Talk

Speeding up Whisper for speech recognition by 10x - Optimisations and walkthrough

Friday, May 24

11:40 - 12:25
RoomSpaghetti
LanguageEnglish
Audience levelAdvanced
Elevator pitch

Late last year, we sped up Whisper (https://github.com/Vaibhavs10/insanely-fast-whisper) by 10x. It involved a lot of hacking (like flash attention, batching, torch.compile, etc) and tricks that can be implemented in other models, too. Join me as I walk through those optimisations and tricks.

Abstract

In this talk, we’ll brush upon optimisations that can help you speed up your PyTorch models.

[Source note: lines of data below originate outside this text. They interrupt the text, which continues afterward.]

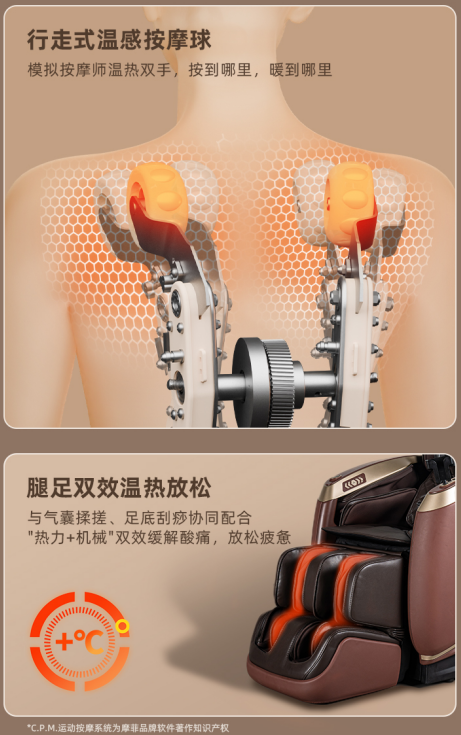 針對(duì)冬季氣溫低、肌肉易緊張、血液循環(huán)減緩的特點(diǎn),摩菲按摩椅MC70非凡椅配備了多維溫感系統(tǒng)。其行走式溫感按摩球可實(shí)現(xiàn)"按摩+熱敷"同步進(jìn)行,42-45℃的精準(zhǔn)溫控范圍能夠有效促進(jìn)深層循環(huán)。腿足部位的雙效溫?zé)嵯到y(tǒng)特別適合應(yīng)對(duì)冬季手腳冰涼問(wèn)題,配合全身熱敷功能,為使用者構(gòu)建完整的冬季保暖理療方案。
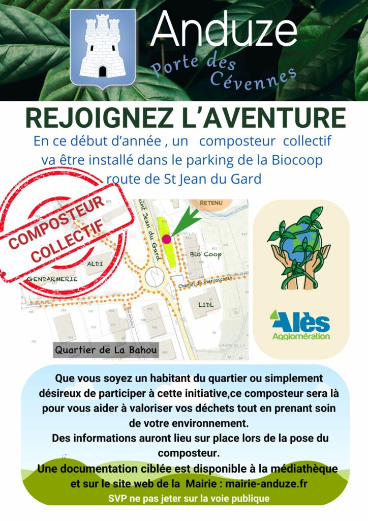 Deux autres composteurs publics ont été installés depuis, route de Saint-Félix (parking entre café des Arts et rue Beauregard) et route de Saint-Jean-du-Gard (face à la Biocoop)(mise en service en février pour ce dernier)
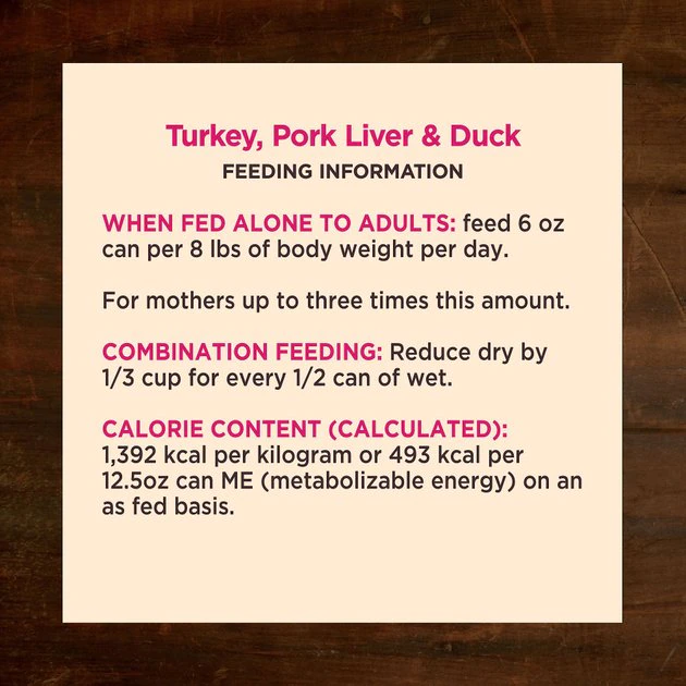 When fed alone to Adults: feed 6 oz Can per 8 lbs of body weight per day. For puppies, up to 2 times this amount. For mothers up to 3 times this amount.
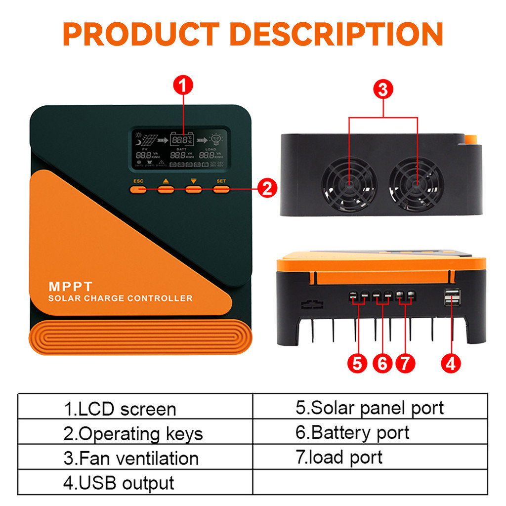 MPPT 60A-Bộ Điều Khiển Sạc Năng Lượng Mặt Trời MPPT 60A 100V 12V 24V mã GM-D60
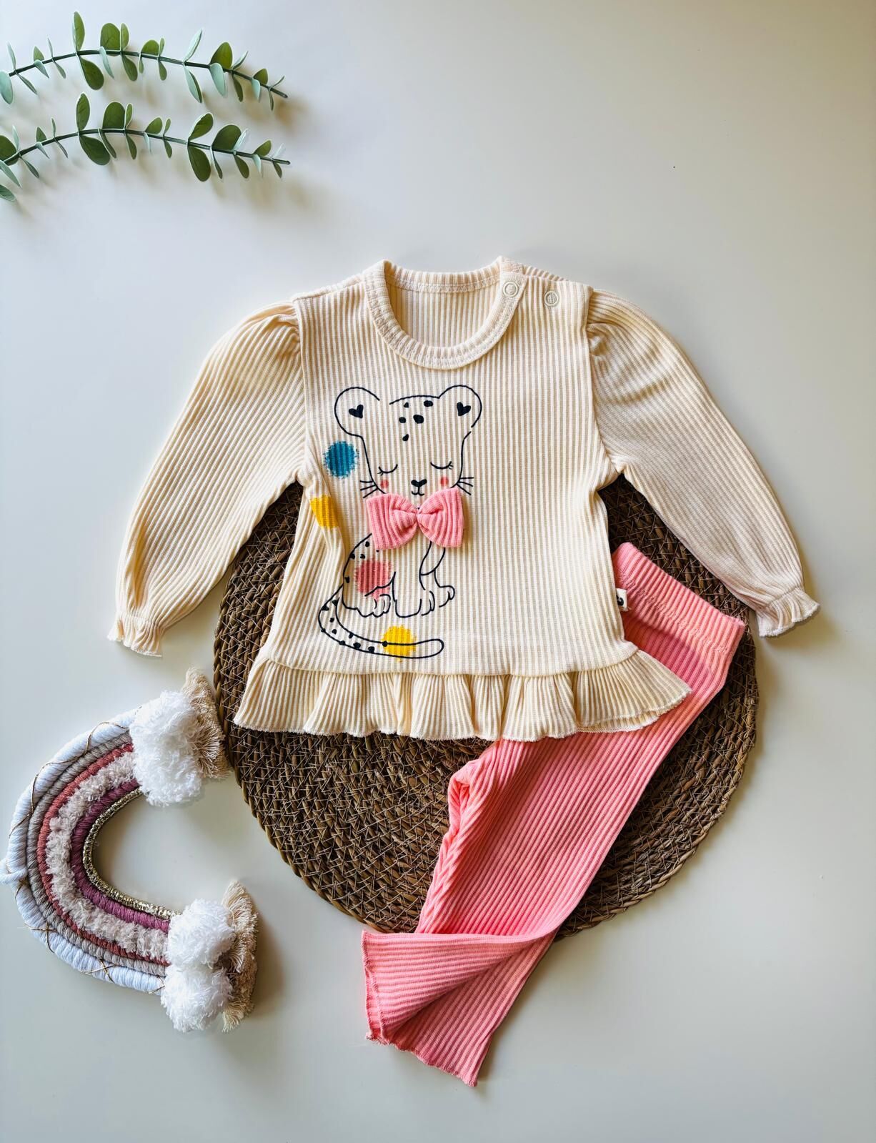 Kedili Fiyonklu Kız Takım – Şirin Tasarım ve Gün Boyu Rahatlık
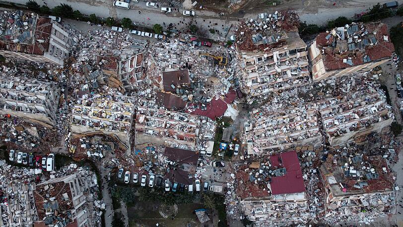 Selbst das Gebäude der Retter ist nur noch ein Schutthaufen. Der Sitz der Katastrophenschutzbehörde Afad im südtürkischen Hatay ist eingestürzt und zum Sinnbild für die große Zerstörung im Land geworden. Taschen für Erste Hilfe ragen aus den Trümmern, wie auf Bildern in den Medien zu sehen ist. Nach einem der schwersten Erdbeben der letzten Jahrzehnte in der Türkei und Syrien wird das Ausmaß der Katastrophe immer deutlicher: Gebäude sind eingestürzt, mehr als 8100 Menschen gestorben - 13,5 Millionen Menschen sind allein in der Türkei von der Katastrophe betroffen.
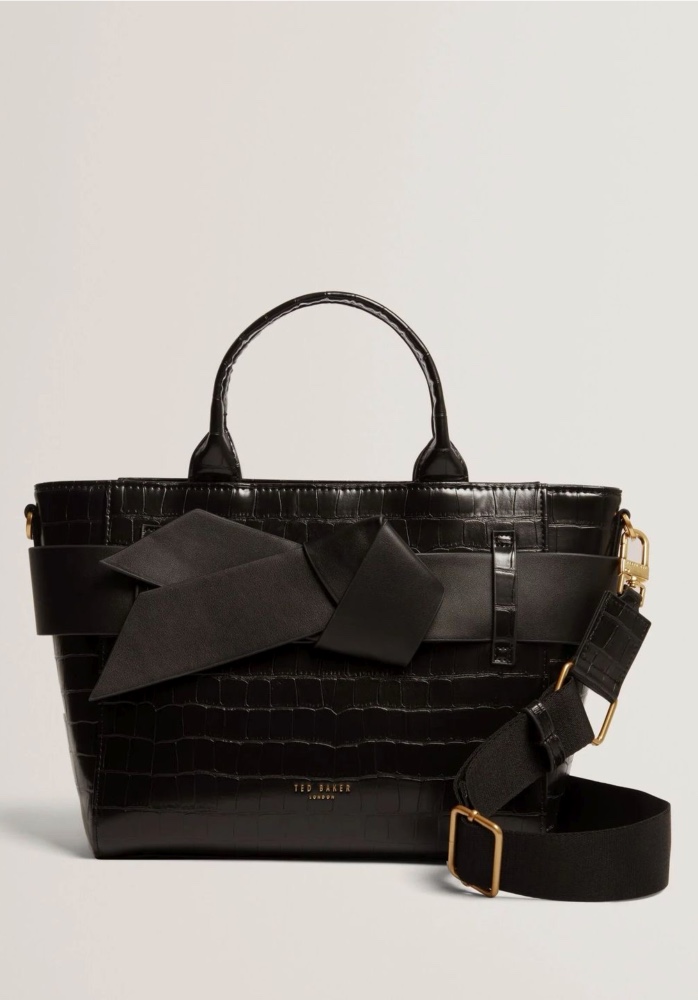 TED BAKER JJOSIA CROC EFFECT KNOT BOW CROSSBODY BAG

We’ll primarily look at the following optimisations:

  1. Flash Attention - faster attention (1 & 2)
  2. Torch.compile()
  3. Chunking/ batching your inputs
  4. Torchaudio pre-processing
  5. half-precison inference

By the end of this talk you’d have learnt more about how to make your existing LLMs/ PyTorch models faster and better.

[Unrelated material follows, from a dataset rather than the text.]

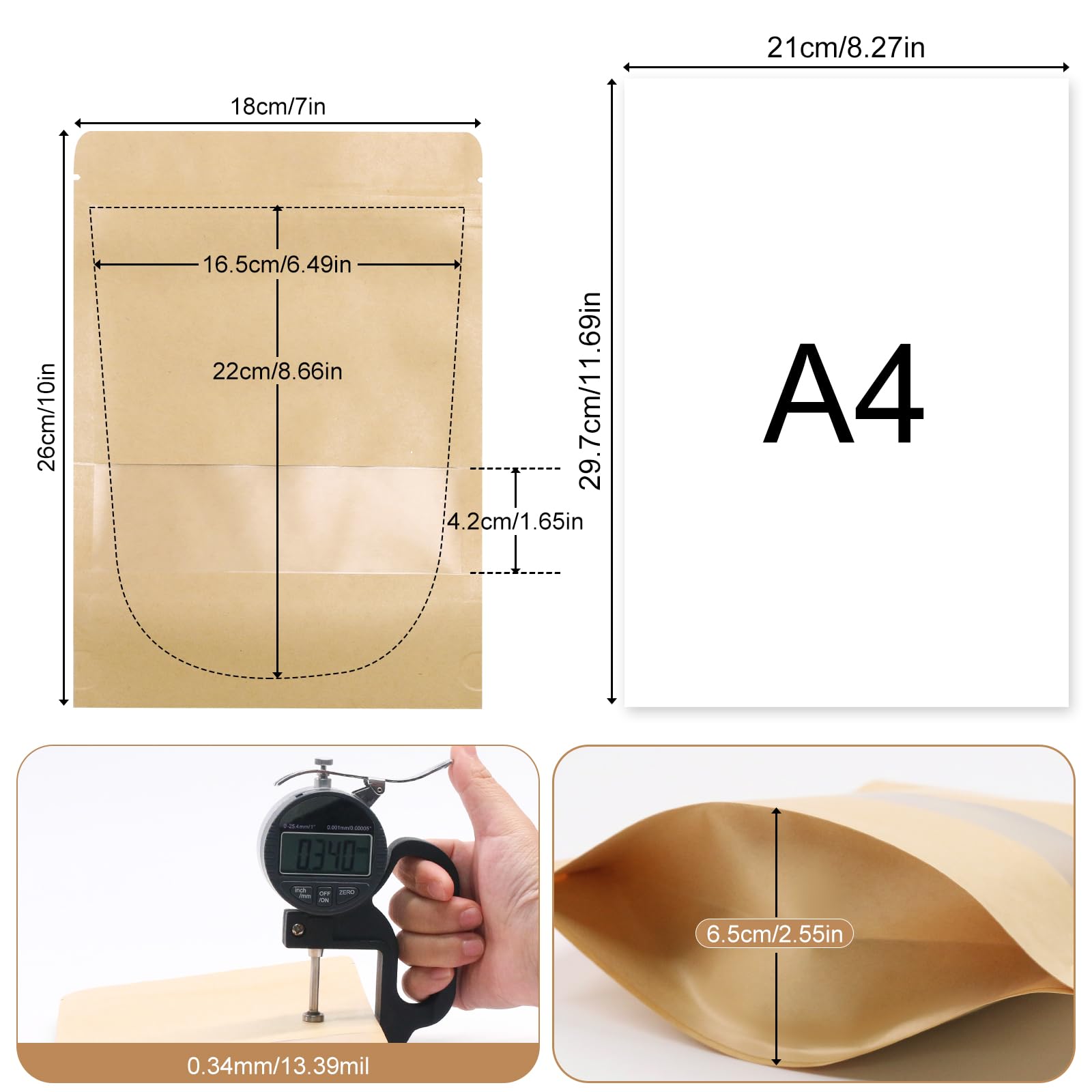 Package included: 100 kraft paper stand-up pouches of 7x10inch
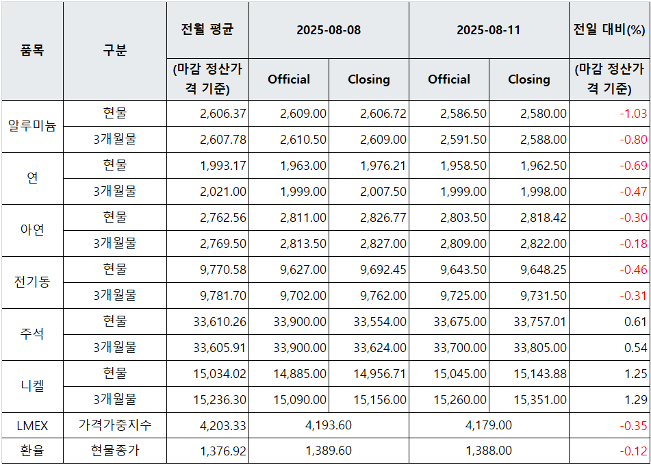 [표] LME 비철금속 및 환율 동향(8월 11일)

TagsMachine-Learning, Deep Learning
Participant

Vaibhav Srivastav

I’m an ML Developer Advocate at Hugging Face focusing on extracting better insights from Text + Audio.

I’ve been a freelancer, tax analyst, consultant, tech speaker and advisor for five years. In the past three years, I’ve invested significant time volunteering for open source and science organisations like Hugging Face, EuroPython, PyCons across APAC, Google Cloud Delhi, and Facebook Developer Circles.

Delhi native, I now live in Germany!